1) Efforts to resolve the coverage dispute promptly and/or limit prejudice to the insured as much as possible;

2) The seriousness of the matter disputed and/or weight of legal authority on the issue;

3) Diligence and thoroughness in their investigation by the insurance company;

4) If the insurer obtained a reservation of the right to deny coverage if a defense existed.

There is a condition imposed on the insured prior to filing a statutory cause of action for Bad Faith. The Florida Department of Insurance and the insurer must be given 60 days' written notice of any alleged violation. This notice is called a Civil Remedy Notice (CRN). If the insurance company fails to respond within the 60-day time period it creates a presumption of bad faith which must be rebutted by the insurance company, otherwise, the contents of the civil remedy notice will be taken as true.

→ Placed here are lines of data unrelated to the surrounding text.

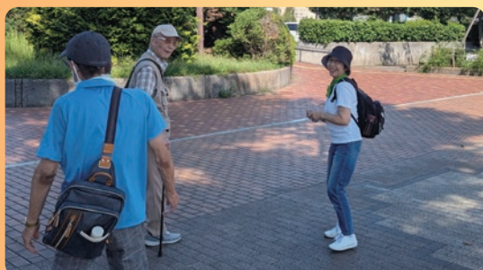
ウォーキング (イキイキ・ニコニコ介護予防教室)
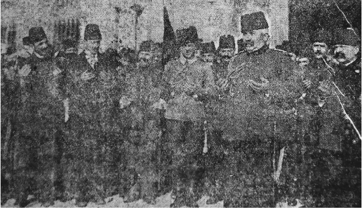
EK-4. Harbiye Nazırını İzzet Paşa, İstiklâl-i Osmânî Bayramı Tertip Heyeti ile birlikte Harbiye Nezareti Önünde Dua Ederlerken, Tasvir-i Efkâr , 31 Kânun-ı evvel 1913, s. 1.
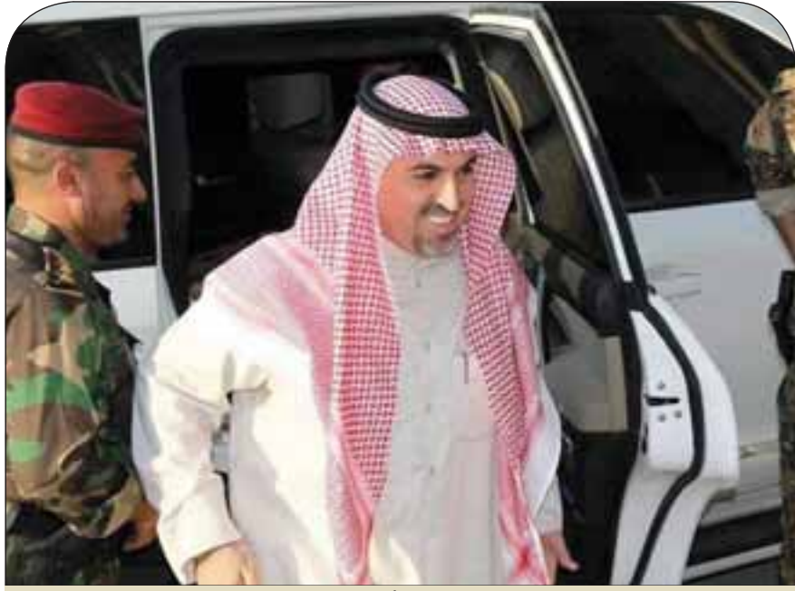
النائب المعتقل أحمد العلواني

One final event that must occur prior to filing a bad faith cause of action is a determination that coverage for the loss exists and the extent of the coverage. In other words, there must be a final determination that the insurance company breached its contract and a final determination as to how much was owed by the insurance company under the contract.[5] For the purposes of filing a subsequent bad faith lawsuit, a final determination may be obtained through a jury verdict, confession of judgment, settlement without a release of bad faith, or a final determination by means of alternative dispute resolution.[6]

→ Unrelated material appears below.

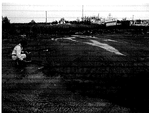
写真12 津波の引き波によって形成された舌状砂体とカレントリップル（大津港）
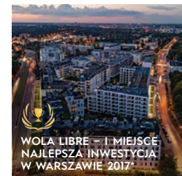
WOLA TARASY WOLA LIBRE WOLARE WARSZAWA · 2014-2020

Bad faith does not occur in every insurance claim, but it is very important for an insured to understand exactly what bad faith is so that they will know to look out for it. Bad faith actions should be properly documented so that the insurance company can be held accountable for their actions/inactions. Some of the most common actions/inactions by insurance companies that may be considered bad faith are:

  1. Failing to make a good faith offer to settle when the insurance company could and should have done so,
  2. Making claims payments to insureds without specifically stating in writing what coverage provision allowed for it.
  3. When multiple claims exist, failing to settle one claim in order to influence a settlement of another claim under a different portion of the policy.
  4. Refusing to provide the insurance policy upon request by the insured.
  5. Delaying settlement when the obligation to settle is reasonably clear.
  6. Material misrepresentations.
  7. Not acknowledging or acting promptly with regard to communications from the insured.
  8. Denying claims without conducting a reasonable investigation.
  9. Misrepresenting pertinent facts or policy provisions relating to coverages at issue.
  10. Failing to make a coverage determination or provide a written statement as to the investigation within 30 days after the proof of loss has been submitted.
  11. Not providing a reasonable explanation in writing for a denial or offer for a compromised settlement offer.
  12. Failure to promptly notify the insured of additional information necessary to process a claim or clearly explain the nature of requested information and the reason why the information is necessary.
  13. Failure to pay undisputed amounts within 90 days after being notified of the loss.

Once a bad faith claim becomes viable, a subsequent bad faith cause of action must be filed and litigated before damages for bad faith can be assessed. If the insured prevails on the subsequent bad faith claim then there are several additional damages available to the insured. Attorney’s fees, total damages, interest, consequential damages, and punitive damages can be assessed in statutory bad faith claims. Compensatory damages include those which are a “reasonably foreseeable” result of a violation and can include damages above and beyond the policy limits. Fla. Stat. 768.73 limits punitive damages to three times the amount of the compensatory or $500,000, whichever is greater.